Étienne Hertel de Saint-François’s short life was an active one. True to the Hertel tradition he entered military service early. At the age of 14 he was a cadet with the colonial regular troops at Fort Saint-Frédéric (Crown Point, N.Y.) on Lake Champlain. On 23 Oct. 1749, Governor La Jonquière [Taffanel] transferred him to Louisbourg, Île Royale (Cape Breton Island), where he was promoted second ensign in 1751 and full-pay ensign in 1755. After eight years’ service at Louisbourg he was recalled by Governor Pierre de Rigaud* de Vaudreuil to Michilimackinac.

On 1 Jan. 1759, Vaudreuil’s recommendation of Hertel for a full-pay lieutenancy was approved by the king. Hertel played an active part in that year’s Quebec campaign. On 26 July a reconnaissance by Wolfe of the Montmorency fords produced a bloody skirmish. Hertel led 200 Indians and 30 Canadians across the river and drove back part of the British force, only to be driven back himself when the British were reinforced. The affair seems to have led Wolfe to conclude that an attack directed at the Montmorency fords was unlikely to succeed. Three weeks later Hertel was with another party of Canadians and Indians, under Pierre-Jean-Baptiste-François-Xavier Legardeur* de Repentigny, who made a surprise attack across the Montmorency. Without properly scouting the area beforehand, Hertel led the Indians against some light infantrymen; English reinforcements appeared almost immediately and scattered Hertel’s men into the woods.

After the capitulation of Quebec on 18 Sept. 1759, Hertel retired with the remnants of Montcalm’s army to a camp near Cap-Santé at the mouth of the Rivière Jacques-Cartier. In the early months of 1760 Vaudreuil was concerned with the safe convoy of food to French military headquarters. To help to stop the progress of the English and to conserve food, Hertel was sent to the rural parishes leading a detachment of 150 men which he established at Saint-Michel-de-Bellechasse. General James Murray*, believing Hertel had a force of 400 to 500 men, thought it necessary in March to establish a stronghold and a battery of 22 cannon at Pointe-Lévy (Lauzon). But Hertel’s appeal for reinforcements produced only ten men, and he was advised to escape by the woods if attacked by superior numbers. His Indian allies returned to their villages shortly thereafter, but Hertel took the offensive by attacking two enemy strongholds at Pointe-Lévy on 27 April. Unable to maintain their positions, the 80 English defenders fired the strongholds and retired to Quebec.

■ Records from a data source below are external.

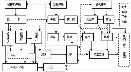 (1)读“柴达木部分循环经济产业链示意图”回答,图中甲、乙两处的是什么工业部门?说出该地产业链有哪些基本特征?(8分)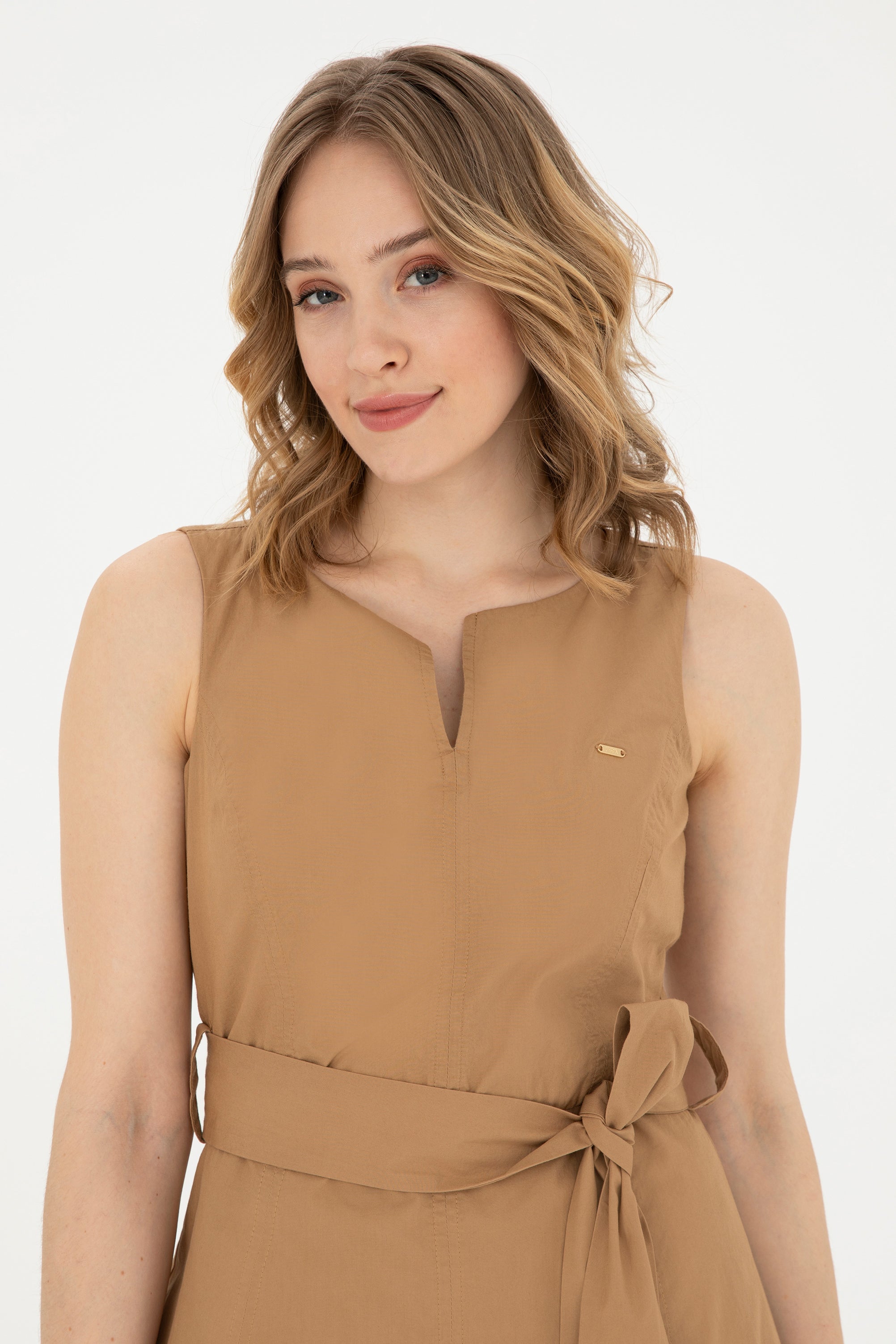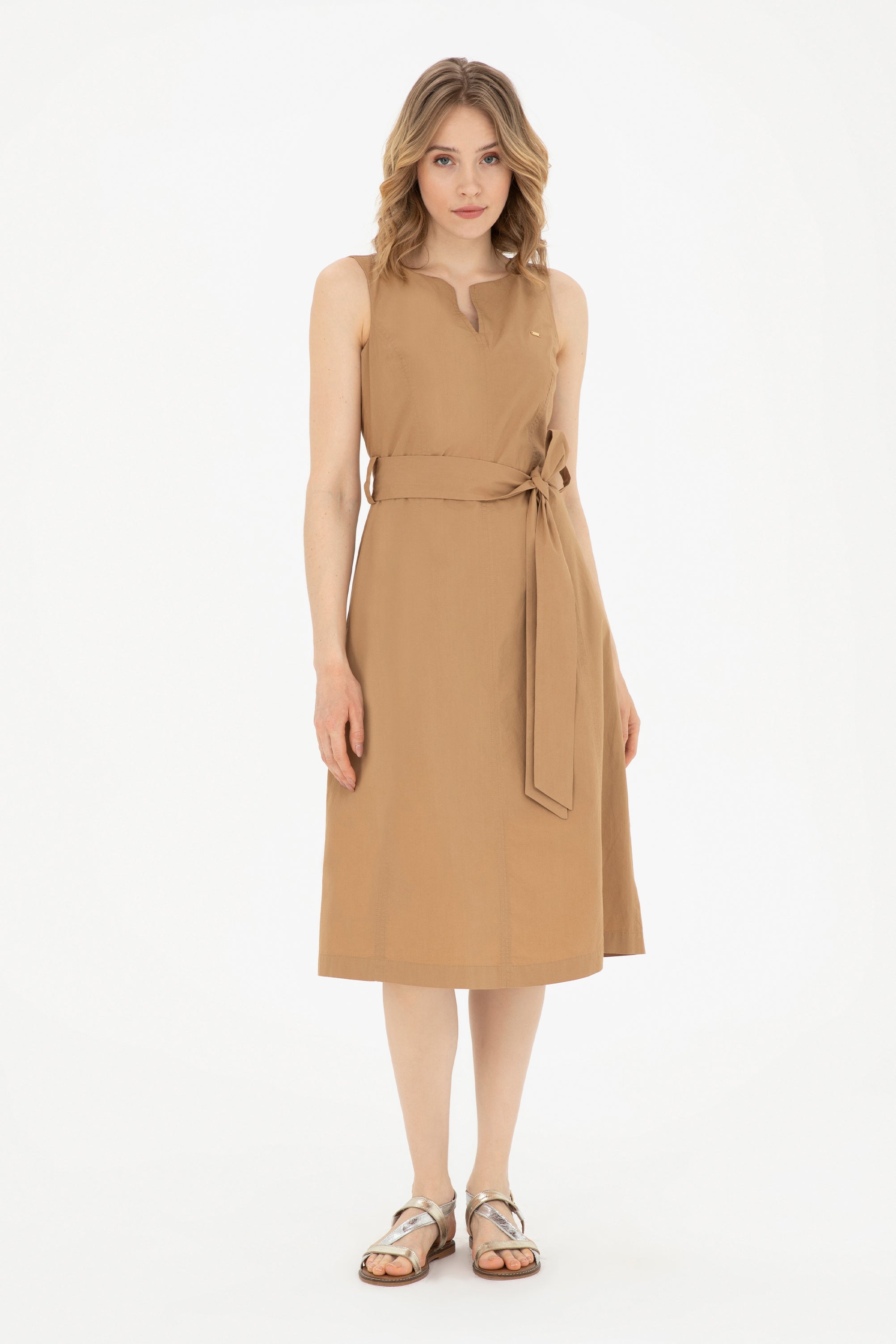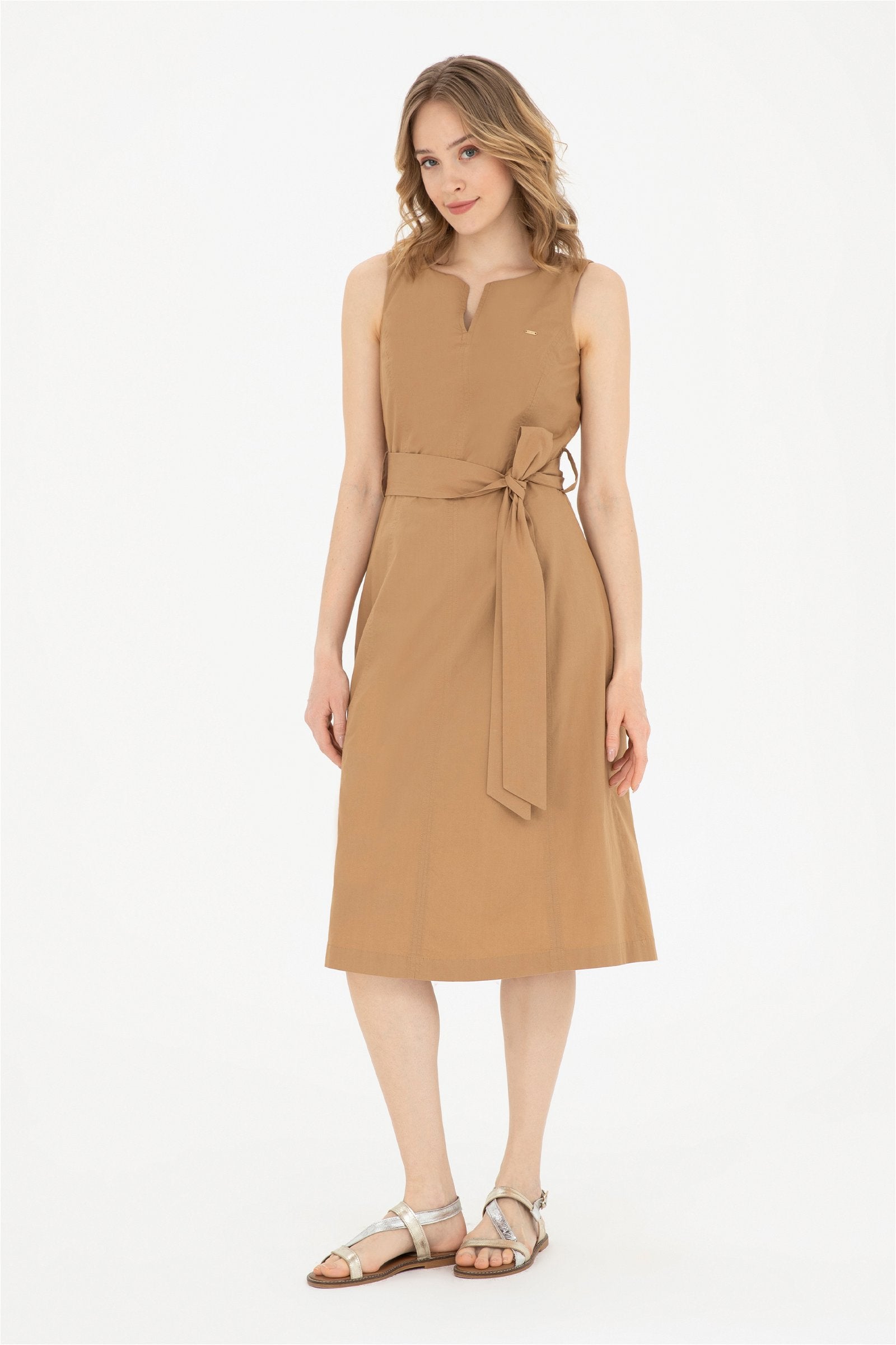 Elegantna haljina u zemljanoj boji pruža sofisticiran izgled i udobnost za različite prilike. Karakteriše je jednostavan kroj sa diskretnim dekolteom i pojasom koji naglašava struk, čineći je savršenom za isticanje ženskih oblika. Tkanina je lagana i prijatna za nošenje, idealna za tople dane. Ova haljina se lako kombinira s raznim modnim dodacima, kao što su sandale, narukvice ili torbe, a može se nositi na poslovnim sastancima ili opuštenim izlascima sa prijateljima.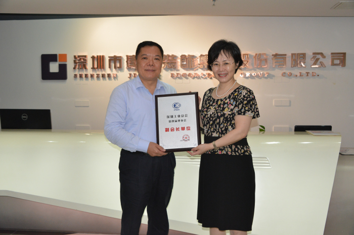 7月14日上午,深圳工业总会执行主席王肇文、秘书长吴沂烛一行莅临建艺集团,集团董事长刘海云等高管热烈欢迎王主席等人的到访,并在会议室同王主席一行进行了亲切交谈。期间,王主席及吴秘书长还分别向刘海云董事长颁发了“深圳工业总会第四届理事会副会长”荣誉证书及“深圳工业总会第四届理事会副会长单位”荣誉奖牌。建艺集团副总裁刘庆云、副总裁兼董事会秘书高仲华、副总裁赵纣瑜、监事会主席陈景辉等高管共同出席了会议。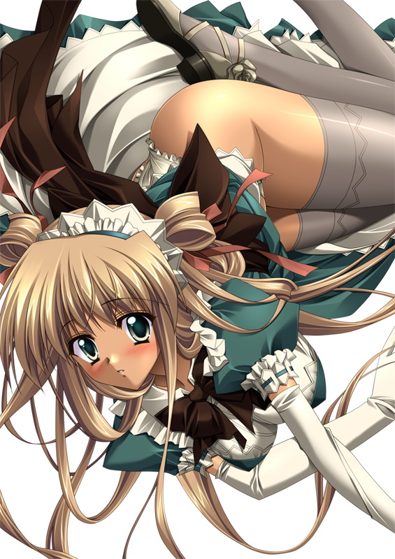 mizuki (4985964), emilia (re:zero), alice fiction, re:zero kara hajimeru isekai seikatsu, official art, 1girl, bare shoulders, blue pupils, braid, breasts, cleavage, crossover, crown braid, dress, elf, english text, flower, food, gem, green gemstone, hair flower, hair ornament, hair ribbon, long hair, outdoors, pointy ears, purple eyes, purple ribbon, ribbon, rose, solo, thighhighs, white flower, white hair, white rose, x hair ornament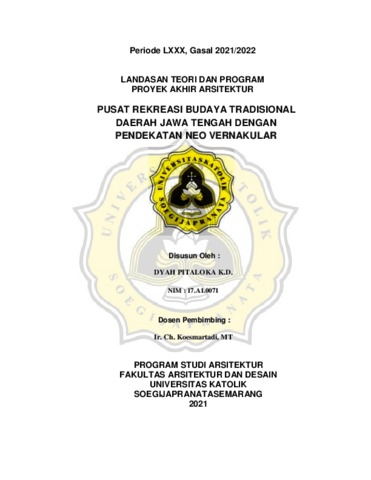 PITALOKA K.D., DYAH (2022) PUSAT REKREASI BUDAYA TRADISIONAL DAERAH JAWA TENGAH DENGAN PENDEKATAN NEO VERNAKULAR. S1 thesis, UNIVERSITAS KATOLIK SOEGIJAPRANATA.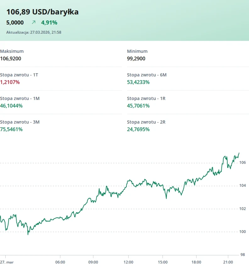 W sobotę mijają cztery tygodnie od ataku USA i Izraela na Iran. W kolejnych dniach po wybuchu wojny notowania ropy naftowej na świecie, jak również paliw gotowych, zaczęły zwyżkować. Była to reakcja na blokadę cieśniny Ormuz, strategicznej dla transportu morskiego surowców energetycznych z tego regionu, a także ataki na infrastrukturę wydobywczą i rafineryjną.
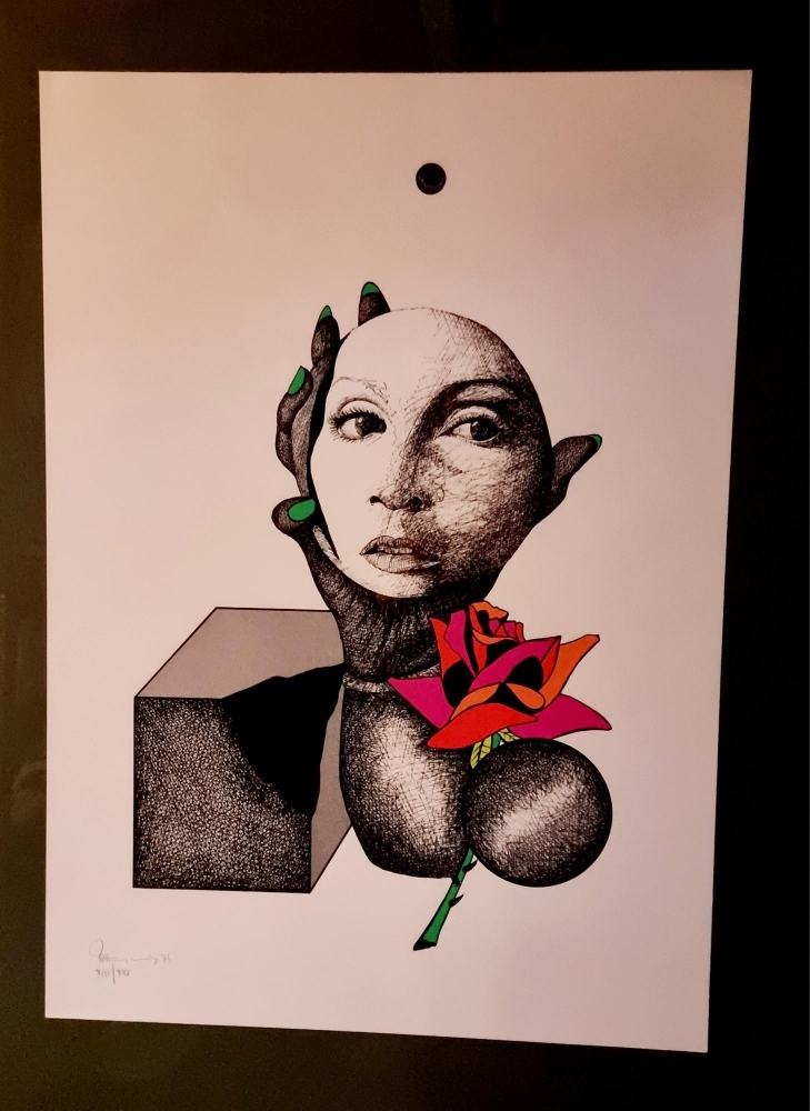 - Originele kleurenzeefdruk van Paul Van Hoeydonck (Antwerpen, 1925) - Handgesigneerd en genummerd in potlood - Uitgever: Lions Club, Antwerpen-Zuid - Drukatelier: Beka-Screen, Ekeren Paul Van Hoeydonck studeerde aan het Kunsthistorisch Instituut in Antwerpen en ook aan het Instituut voor Kunstgeschiedenis en Oudheidkunde in Brussel volgde hij cursussen. Daarna ging hij vooral als autodidact zijn eigen weg, waarbij hij één van de Belgisch-Nederlandse kunstenaars van de Nul-beweging was. Dit is de Nederlandstalige tegenganger van de Duitse Zero-groep. Hij toonde vooral belangstelling voor de aanwezigheid van de mens in de ruimte. Hij gaf de planeten en de constellaties een plaats in zijn schilderijen. In 1971 zetten de astronauten van de Apollo 15 zijn beeldje "Fallen Astronaut" op de maan. Dit is het enige kunstwerk dat zich in de ruimte bevindt

In June, two French detachments were sent to the south shore to bolster the habitants’ morale and to ensure that they would be able to protect themselves. Hertel led the party responsible for the area above Lotbinière. Less than one month later, Murray left Quebec for Montreal with 2,500 men, disarming civilians and forcing the oath of neutrality en route. On 18 July a detachment of 100 of Murray’s men encountered Hertel’s party of 40 at Lotbinière. After the first volley, Hertel’s men fled to the woods, leaving their commander and several other seriously wounded men to be taken prisoner. Later that night, aboard the British frigate Diana, Hertel de Saint-François died of his wounds at the age of 25. The following day, Murray, aware of Hertel’s contributions in the previous 12 months, sent his body to Deschambault on the north shore to receive proper honours. He was buried at Cap-Santé on 19 July.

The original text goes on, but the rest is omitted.